Dataset entries
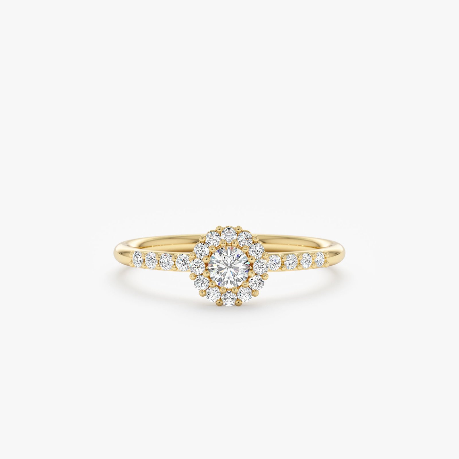 14K 纯金单颗钻石订婚戒指,镶嵌经 GIA 认证的天然钻石。有 0.03 至 0.21 克拉 4 种尺寸可供选择。简约而永恒。
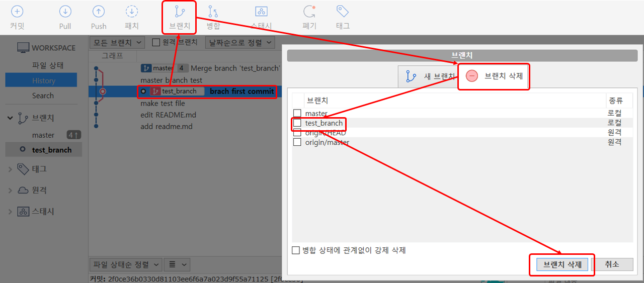 master 브랜치에 체크아웃이 되있는 지 확인한 뒤 아래와 같이 클릭하여 test_branch를 삭제한다.
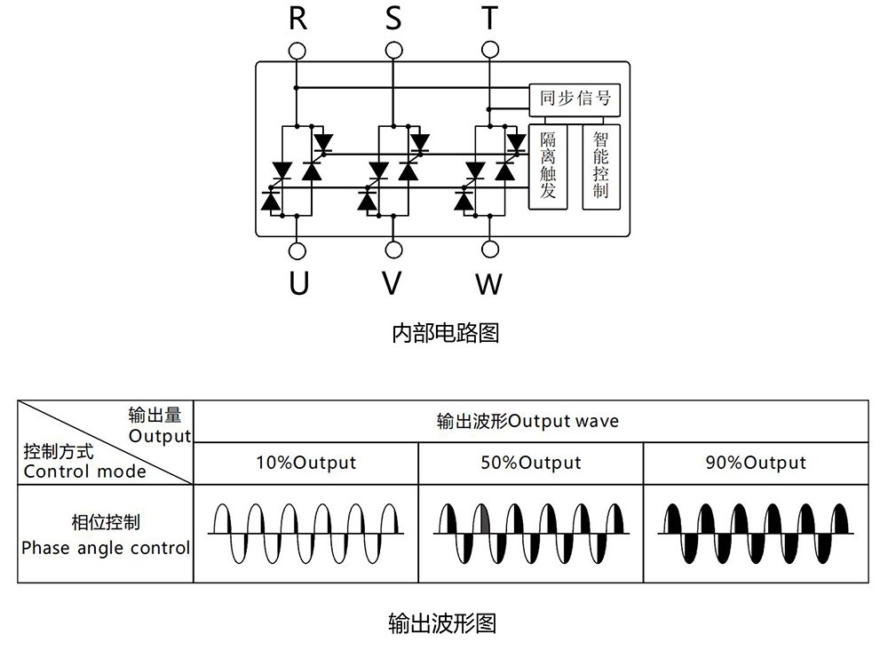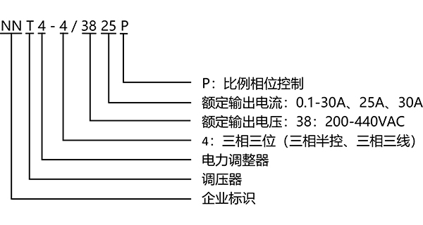?適用負(fù)載:三相三線半控型:定阻抗負(fù)載,遠(yuǎn)紅外、IR 燈管、硅碳棒負(fù)載等不適型號說明
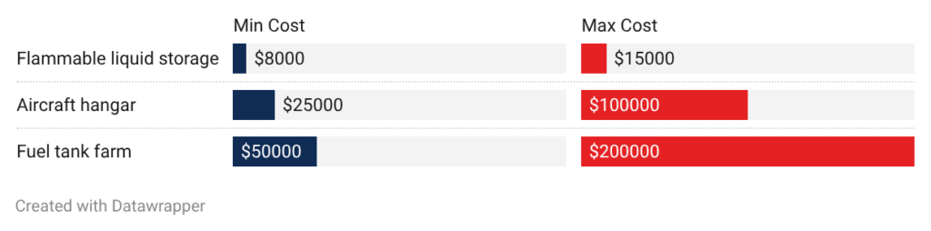 • Flammable liquid storage: Small storage areas cost $8,000 to $15,000. Foam concentrate mixes with water to create expansion ratios from 3:1 to 1000:1. Low-expansion foam works for liquid surface fires. Medium and high-expansion foam fills enclosed spaces.
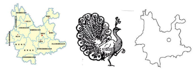 (3)云南省轮廓形似一只开屏的孔雀
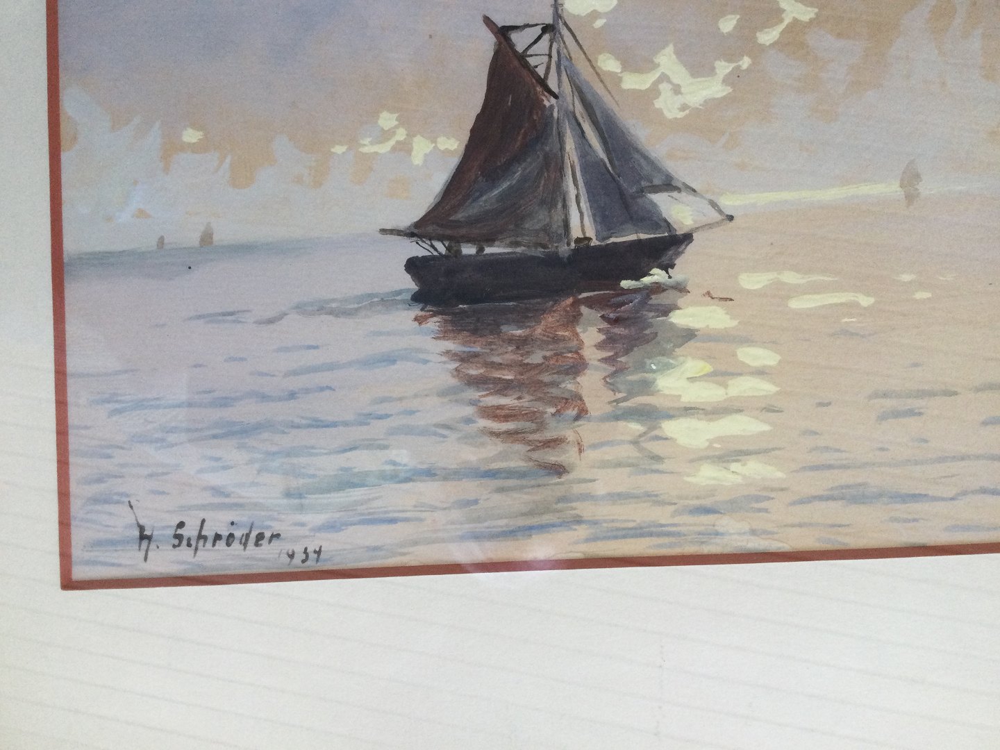 Gouache af Heinrich Schröder 1934 - Marine med sejlskibe ved solnedgang.
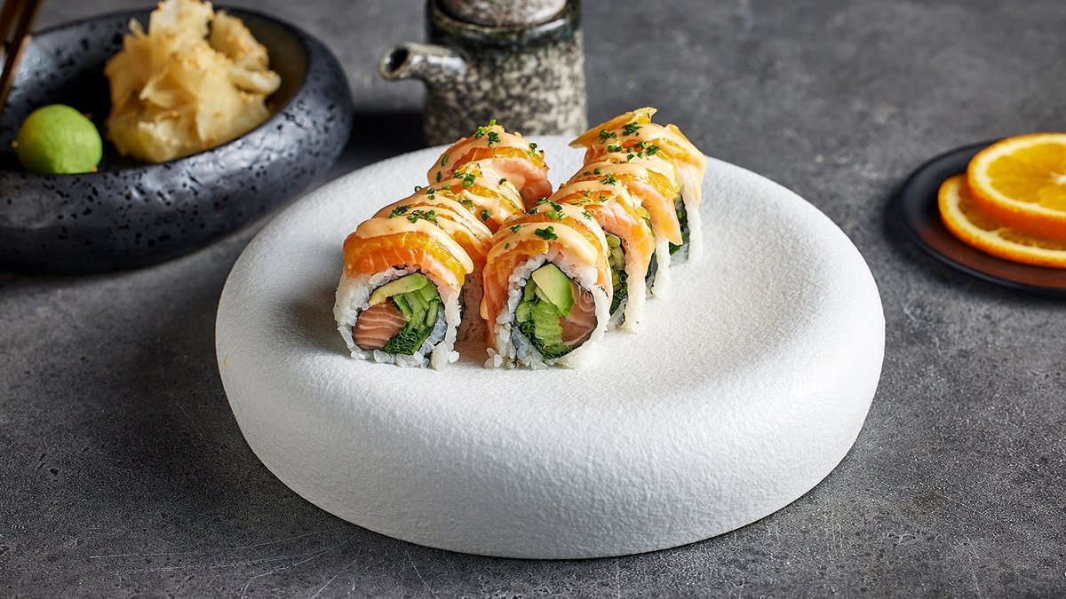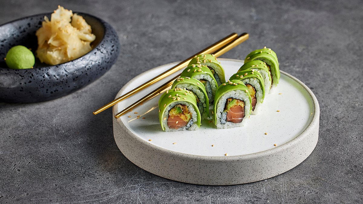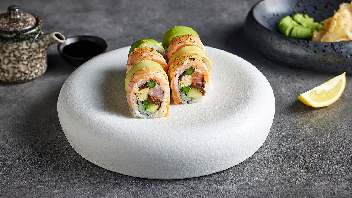 סלמון נא, אבוקדו, אושינקו, אספרגוס, מלפפון בציפוי סלמון ושומשום קלוי
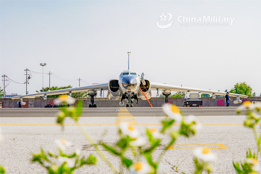 Two H6 bombers attached to an aviation regiment with the navy under PLA Eastern Theatre Command see off another warplane during a round-the-clock flight training exercise on June 15, 2022. (eng.chinamil.com.cn/Photo by Hu Fei)
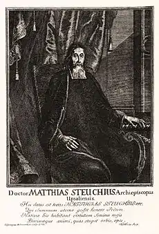 Mathias Steuchius (Swedish pronunciation: ['stø:kɪɵs];[1] 26 October 1644 – 2 August 1730) was Bishop of the Diocese of Lund, 1694 to 1714 and Archbishop of Uppsala in the Swedish Church from 1714 to his death.[1]
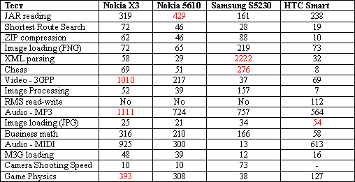 Сердце телефона - процессор Qualcomm MSM 6290, работающий с тактовой частотой 300 МГц. Память: 256 МБ оперативной и 256 МБ постоянной. Быстродействия вполне достаточно для работы с оболочкой Sense. «Тормоза» начинают проявляться в меню настроек, а также при просмотре видео. Даже при разрешении в 320 х 240 ролики идут явно с недостаточным количеством кадров. Таблица 1. Результаты теста JBenchmark Pro
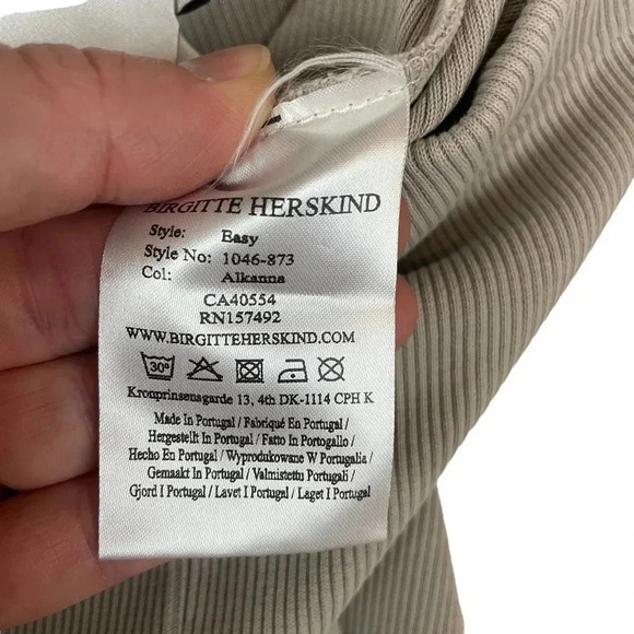 From the Vanessa Hong x Birgitte Herskind collab - these leggings are soft in comfortable ribbed jersey. High rise. Finished with stirrup style cuffs. The colour is "Alkanna", a nice neutral off-white beige. Made in Portugal. This collaboration seeks to take a more sustainable approach to the fashion industry and experiments with natural textiles and natural dyes from 100% waste products.
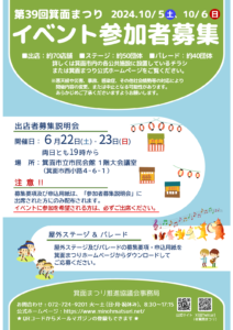 【重要】「第39回箕面まつり参加者募集」について 2024 5/25 2024.05.25 <屋外ステージ & パレード 参加者募集> 第39回箕面まつり「屋外ステージ」と「パレード」の参加申込書を掲載しました! ▼屋外ステージへの出演希望者は こちら ▼パレードへの参加希望者は こちら イベントの申込方法や記入例、応募締め切り日など、詳細は各ページでご確認ください。 たくさんのご応募、お待ちしております!! ◆5月17日公開、「出店者募集説明会」の詳細は こちら 新着情報
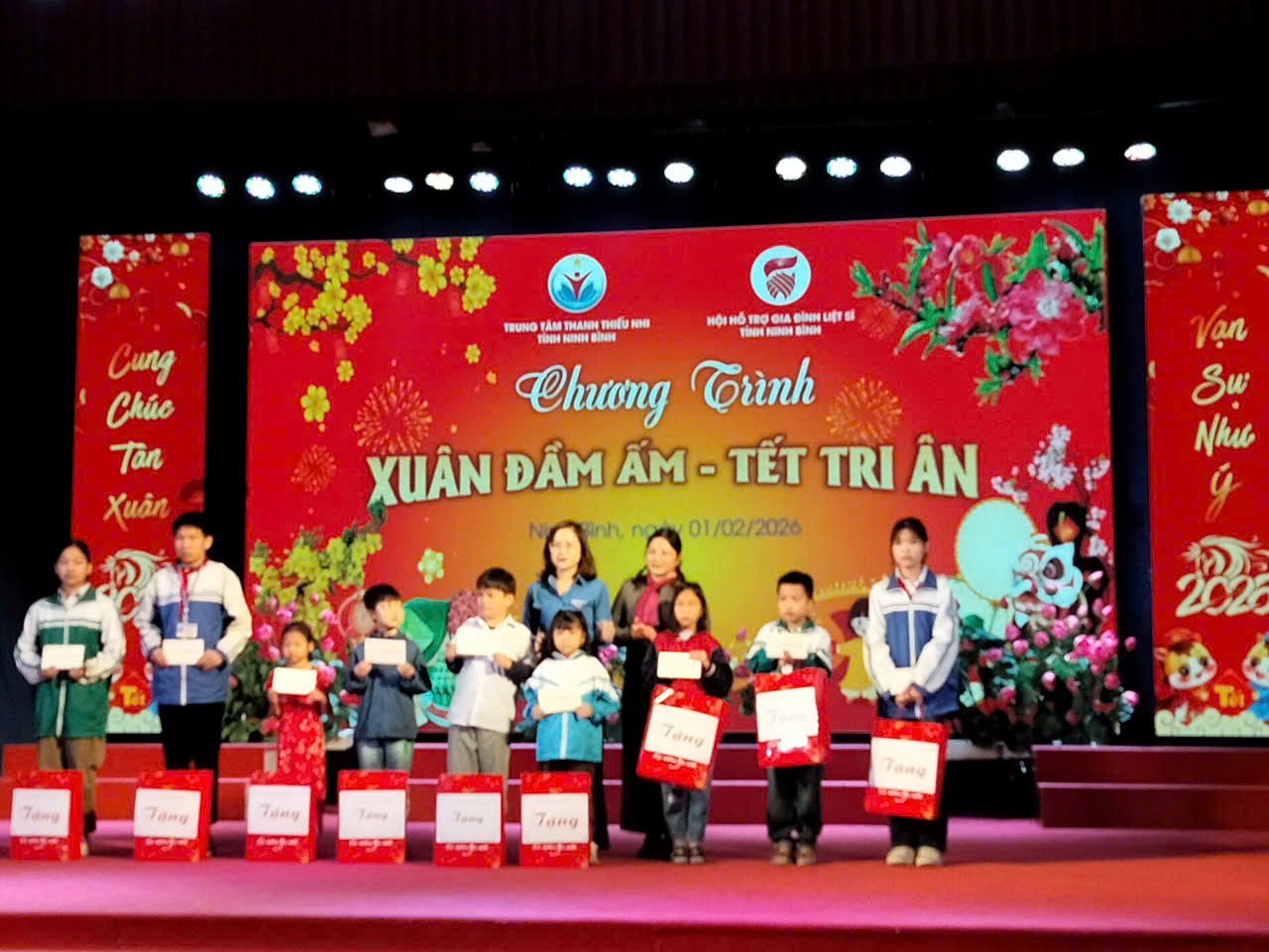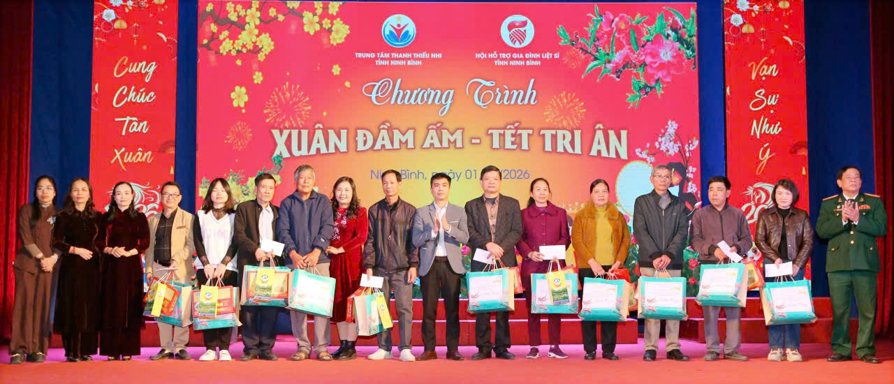 Trước đó, Lãnh đạo nhà trường cũng đã phối hợp với Trung tâm TTN tỉnh, Hội hỗ trợ GĐLS tỉnh trao tặng 08 xuất quà, mỗi xuất trị giá 500.000 đồng cho thân nhân các gia đình liệt sỹ có hoàn cảnh khó khăn trên địa bàn tỉnh và 01 em HS có hoàn cảnh khó khăn của nhà trường cũng được nhận phần quà hỗ trợ từ chương trình “Xuân đầm ấm – Tết tri ân” do TT TTN tỉnh và Hội HT GĐLS tỉnh phối hợp tổ chức; Quà từ chương trình An sinh xã hội do ngân hàng Agribank phối hợp với Đoàn thanh niên phường Tây Hoa Lư tổ chức (03 HS).
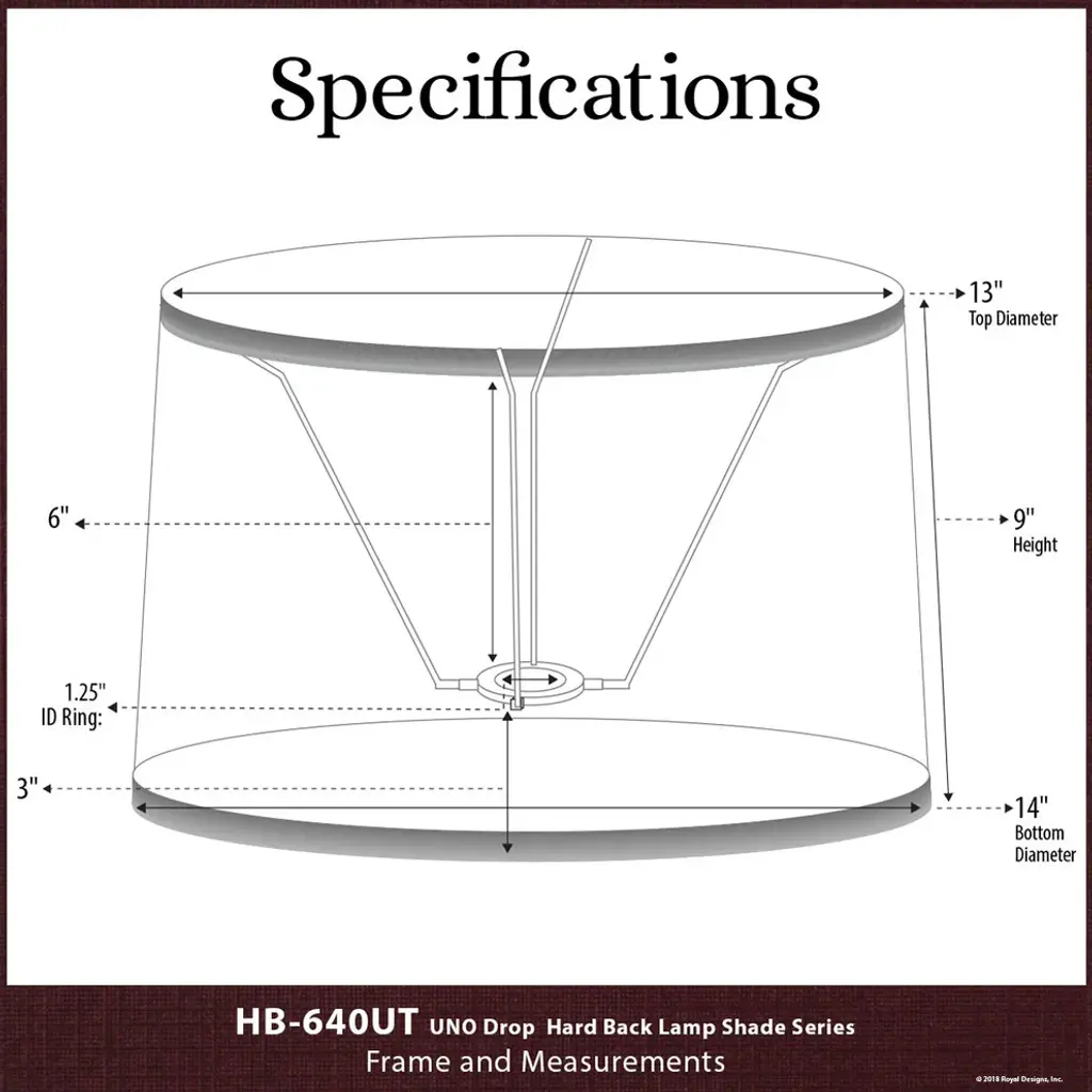 This uno drop shallow drum hardback Lamp Shade is a part of Royal Designs, Inc. Timeless hardback Lamp Shade collection and is perfect for anyone who is looking for a simple yet stunning Lamp Shade. Perfect for updating or repairing an old lamp! Royal Designs has been in the Lamp Shade business since 1993 with their multiple shade lines that exemplify handcrafted quality and value. All dimensions listed (Top x bottom x height).-Shade Dimensions: 13" x 14" x 9" (Top x Bottom x Height)-Shape: Shallow Drum -Fabric shade with white lining.-Uno Drop Style Washer with an inside diameter of 1.25", sized to fit standard medium base sockets, this washer sits 3" from the bottom of the lampshade-Frame: Heavy grade rust resistant metal frame. Thicker than typical standard lamp shades

* Activity *
Write out the records above exactly as they stand, leaving out every picture.

* Output for this exercise *
 14K 纯金单颗钻石订婚戒指,镶嵌经 GIA 认证的天然钻石。有 0.03 至 0.21 克拉 4 种尺寸可供选择。简约而永恒。
 master 브랜치에 체크아웃이 되있는 지 확인한 뒤 아래와 같이 클릭하여 test_branch를 삭제한다.
?適用負(fù)載:三相三線半控型:定阻抗負(fù)載,遠(yuǎn)紅外、IR 燈管、硅碳棒負(fù)載等不適型號說明
 • Flammable liquid storage: Small storage areas cost $8,000 to $15,000. Foam concentrate mixes with water to create expansion ratios from 3:1 to 1000:1. Low-expansion foam works for liquid surface fires. Medium and high-expansion foam fills enclosed spaces.
 (3)云南省轮廓形似一只开屏的孔雀
 Gouache af Heinrich Schröder 1934 - Marine med sejlskibe ved solnedgang.
 סלמון נא, אבוקדו, אושינקו, אספרגוס, מלפפון בציפוי סלמון ושומשום קלוי
 Two H6 bombers attached to an aviation regiment with the navy under PLA Eastern Theatre Command see off another warplane during a round-the-clock flight training exercise on June 15, 2022. (eng.chinamil.com.cn/Photo by Hu Fei)
 Mathias Steuchius (Swedish pronunciation: ['stø:kɪɵs];[1] 26 October 1644 – 2 August 1730) was Bishop of the Diocese of Lund, 1694 to 1714 and Archbishop of Uppsala in the Swedish Church from 1714 to his death.[1]
 Сердце телефона - процессор Qualcomm MSM 6290, работающий с тактовой частотой 300 МГц. Память: 256 МБ оперативной и 256 МБ постоянной. Быстродействия вполне достаточно для работы с оболочкой Sense. «Тормоза» начинают проявляться в меню настроек, а также при просмотре видео. Даже при разрешении в 320 х 240 ролики идут явно с недостаточным количеством кадров. Таблица 1. Результаты теста JBenchmark Pro
 From the Vanessa Hong x Birgitte Herskind collab - these leggings are soft in comfortable ribbed jersey. High rise. Finished with stirrup style cuffs. The colour is "Alkanna", a nice neutral off-white beige. Made in Portugal. This collaboration seeks to take a more sustainable approach to the fashion industry and experiments with natural textiles and natural dyes from 100% waste products.
 【重要】「第39回箕面まつり参加者募集」について 2024 5/25 2024.05.25 <屋外ステージ & パレード 参加者募集> 第39回箕面まつり「屋外ステージ」と「パレード」の参加申込書を掲載しました! ▼屋外ステージへの出演希望者は こちら ▼パレードへの参加希望者は こちら イベントの申込方法や記入例、応募締め切り日など、詳細は各ページでご確認ください。 たくさんのご応募、お待ちしております!! ◆5月17日公開、「出店者募集説明会」の詳細は こちら 新着情報
 Trước đó, Lãnh đạo nhà trường cũng đã phối hợp với Trung tâm TTN tỉnh, Hội hỗ trợ GĐLS tỉnh trao tặng 08 xuất quà, mỗi xuất trị giá 500.000 đồng cho thân nhân các gia đình liệt sỹ có hoàn cảnh khó khăn trên địa bàn tỉnh và 01 em HS có hoàn cảnh khó khăn của nhà trường cũng được nhận phần quà hỗ trợ từ chương trình “Xuân đầm ấm – Tết tri ân” do TT TTN tỉnh và Hội HT GĐLS tỉnh phối hợp tổ chức; Quà từ chương trình An sinh xã hội do ngân hàng Agribank phối hợp với Đoàn thanh niên phường Tây Hoa Lư tổ chức (03 HS).
 This uno drop shallow drum hardback Lamp Shade is a part of Royal Designs, Inc. Timeless hardback Lamp Shade collection and is perfect for anyone who is looking for a simple yet stunning Lamp Shade. Perfect for updating or repairing an old lamp! Royal Designs has been in the Lamp Shade business since 1993 with their multiple shade lines that exemplify handcrafted quality and value. All dimensions listed (Top x bottom x height).-Shade Dimensions: 13" x 14" x 9" (Top x Bottom x Height)-Shape: Shallow Drum -Fabric shade with white lining.-Uno Drop Style Washer with an inside diameter of 1.25", sized to fit standard medium base sockets, this washer sits 3" from the bottom of the lampshade-Frame: Heavy grade rust resistant metal frame. Thicker than typical standard lamp shades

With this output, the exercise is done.